The federal Emergency Medical Treatment and Active Labor Act (EMTALA) mandates that all patients presenting to an emergency department (ED) must have a medical screening evaluation, and that emergent conditions must be treated within the capacity of the ED and hospital, regardless of ability to pay. If a patient's emergency medical condition cannot be stabilized, often due to lack of specialist availability, then the patient may be transferred to another ED for higher level of care (HLOC). Conversely, hospitals with tertiary care capacity, often academic institutions, must accept these patients. Failure to comply with EMTALA carries civil fines and suspension from Medicare reimbursement.

Community hospitals have increasing problems maintaining specialist panels for their EDs.[1,2] The cause is multifactorial, including erosion of the willingness of specialists to take ED call. This in turn is fueled by the perception that ED patients carry greater liability risk, and that specialists receive inadequate reimbursement from these patients or their often-underfunded insurance. The availability of on-call specialists to EDs has received attention from the media in recent years. The New York Times in 2004 stated "fewer and fewer doctors are willing to be on call to ERs given the high insurance premiums they must pay and, in many cases, the lack of reimbursement for treating the uninsured."[3] The Institute of Medicine in 2007 concluded that the lack of on-call specialist availability was "one of the most troubling trends" in emergency care.[4]
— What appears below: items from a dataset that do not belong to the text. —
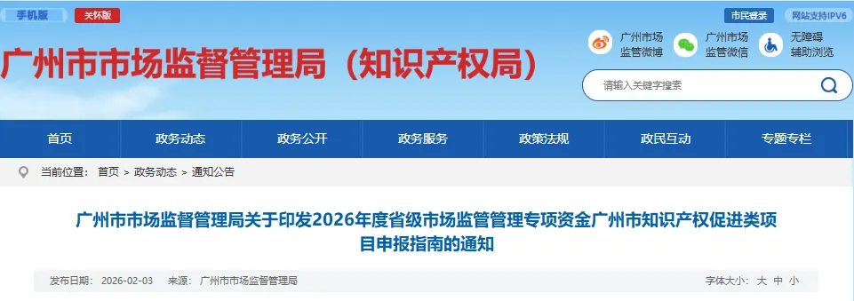 为做好2026年度省级市场监管管理专项资金广州市知识产权促进类项目申报工作,充分发挥财政资金引导作用,根据《广东省财政厅 广东省市场监管局关于印发〈广东省市场监督管理局(知识产权局)经管省财政专项资金管理办法(2024年修订)〉的通知》(粤财工〔2024〕2号)和《广州市知识产权工作专项资金管理办法》(穗知规字〔2023〕1号)有关要求,我局制定了2026年度省级市场监管管理专项资金广州市知识产权促进类项目申报指南和项目申报书。现印发给你们,请结合本单位工作需要,积极开展项目申报工作。
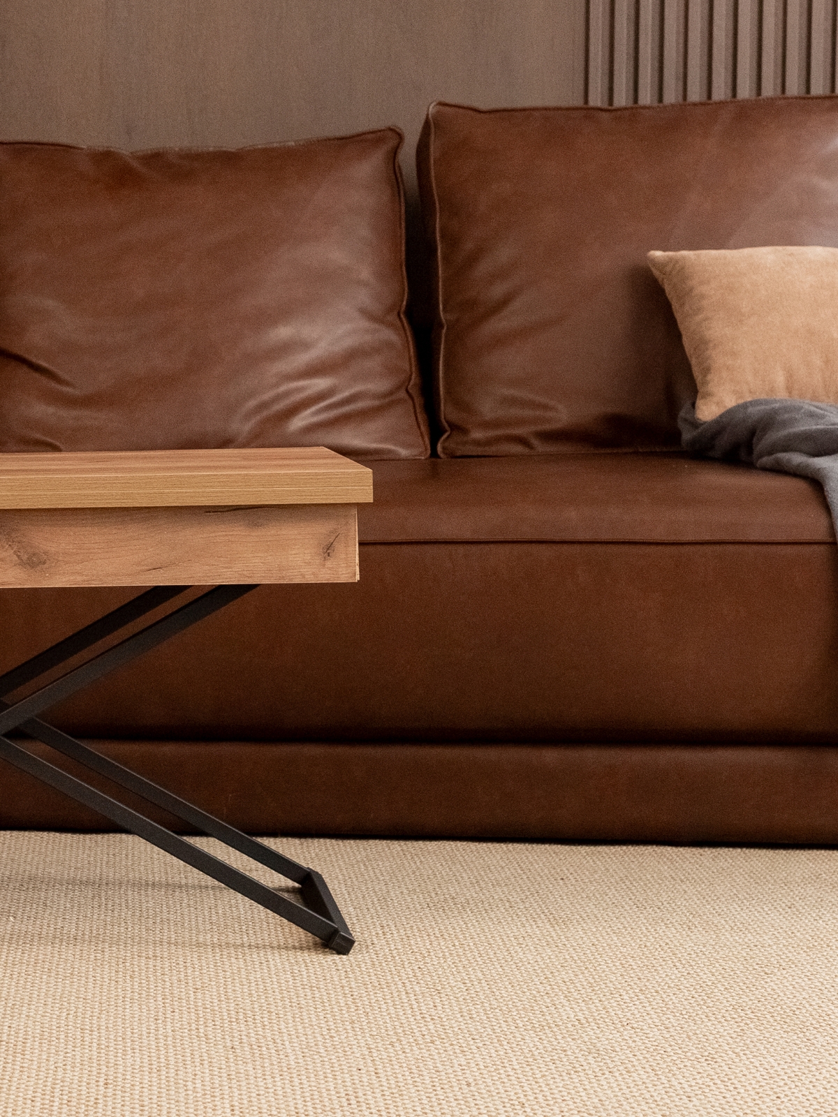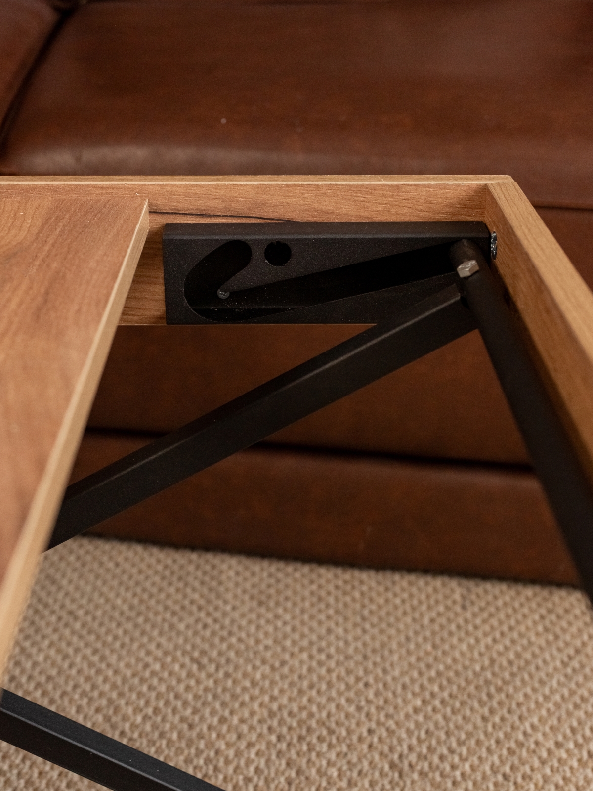 При необходимости, низкий стол можно поднять до высокого полубарного варианта, что особенно удобно для вечеринок и встреч с друзьями. Механизм трансформации обеспечивает три варианта регулировки высоты, позволяя подобрать оптимальный уровень под любые нужды. Раздвижная столешница из ЛДСП легко раскладывается и складывается, сохраняя привлекательный внешний вид на протяжении всего срока эксплуатации. Металлический каркас выполнен из усиленного профиля, что придает столу дополнительную прочность и надежность. Черный цвет каркаса — классика стиля лофт, идеально подчеркивающая современные индустриальные интерьеры с акцентом на контрасты.
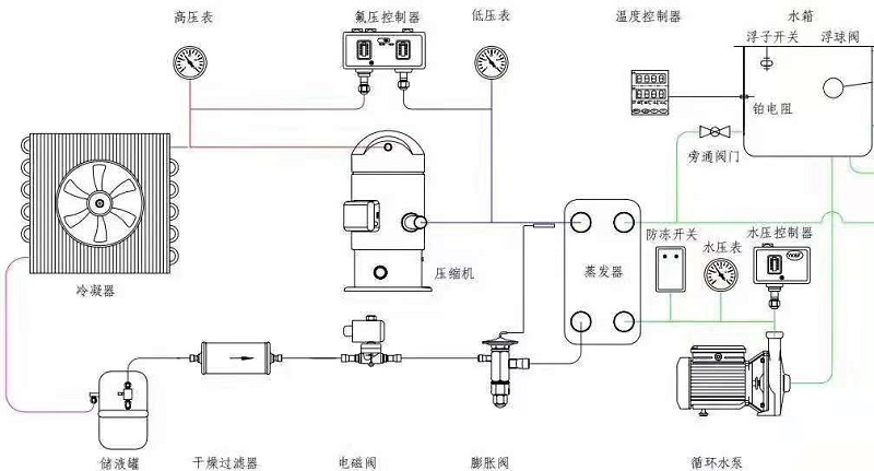 根據制冷系統原理,低溫低壓的液態冷媒在蒸發器里面與周圍水進行熱交換蒸發器吸收水的熱量,蒸發成低溫低壓的氣態,蒸發過程中冷媒溫度不變,低溫低壓氣態的冷媒進入到壓縮機,經壓縮機壓縮,被壓縮成高溫高壓的氣態,然后進入冷凝器,在冷凝器里與室內的介質進行熱交換,高溫高壓的氣態的部份熱量被介質吸收,介質溫度升高,冷媒放熱冷凝器變成高溫高壓液態,冷凝器過程溫度不變,然后進入膨脹閥進行節流,節流是迅速降溫的過程,冷媒變成低溫低壓的液態,此過程后的冷媒再進入到蒸發器進行換熱蒸發,從而實現制冷系統的整個過程,這種循環是連續進行的,水才得以連續不斷的制冷。
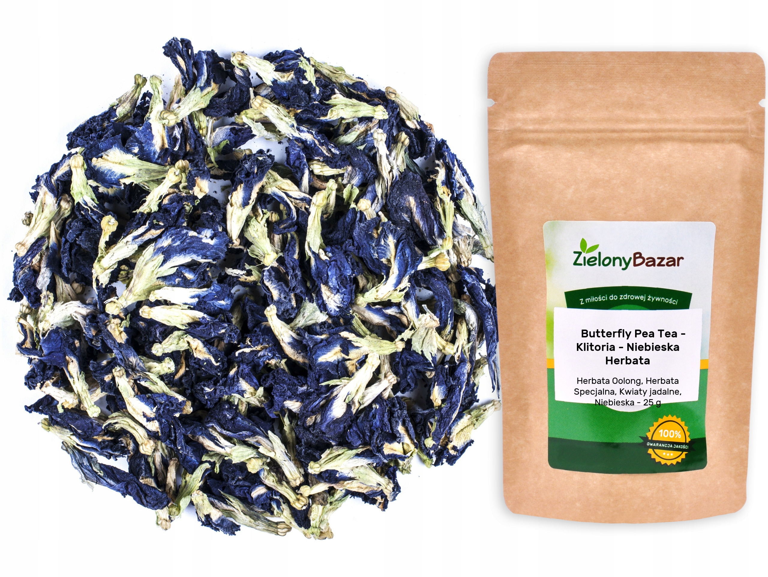 Синий чай (Butterfly pea Tea) – это высушенные цветки Clitoria ternatena. Клитория - растение из семейства бобовых с массивными голубыми листьями с характерным желтым пятном посередине.Настой цветков клитории имеет интенсивно синий цвет, но из-за сильной чувствительности к изменению pH воды меняет свой цвет. - например, после добавления лимонного сока настой становится насыщенно-фиолетового цвета. Butterfly Pea Tea имеет типичный травяной, слегка землистый вкус. Настой используется в аюрведической медицине.

The American College of Emergency Physicians (ACEP) surveyed 442 national ED directors in 2008, and 74% reported on-call specialist coverage problems,[5] with the most problematic specialties of neurosurgery, plastic surgery, hand surgery, and orthopedics. A similar survey by the California chapter of ACEP found that 80% of ED physicians reported that on-call physicians were less willing to see underinsured or uninsured ED patients. Plastic surgery, head and neck surgery, neurosurgery, ophthalmology, and orthopedics, in that order, were the most problematic specialties for emergency physicians (EP) to obtain an admitting physician or secure follow-up care.[1]

A 2006 survey of 243 California ED directors found that rural EDs have the greatest problems obtaining specialty care.[6] They reported long delays for transfer to HLOC. Interestingly, specialist physician availability in community hospitals was not found to be associated with the payer mix of the ED patients.

HLOC transfers to tertiary hospitals are common. A previous study performed at the same academic health center as this paper, showed that transfers for HLOC resulted in a net financial gain to the hospital, although reimbursement varied dramatically by insurance type.[7] State (Medicaid) and county insurance reimbursements resulted in net losses to the hospital, comparable to the completely uninsured. Conversely, these losses were more than compensated for by reimbursement from private insurance carriers. For this same group of patients, the hospital realized a net profit of reimbursement over cost of $2,586,200.

The purpose of this study is to estimate the financial consequences to physicians who care for HLOC transfers. We specifically describe professional reimbursement, by specialty, and compare with all patients from each specialty during the same time period. Finally, we compare HLOC patients to specialty-specific national reimbursement benchmarks.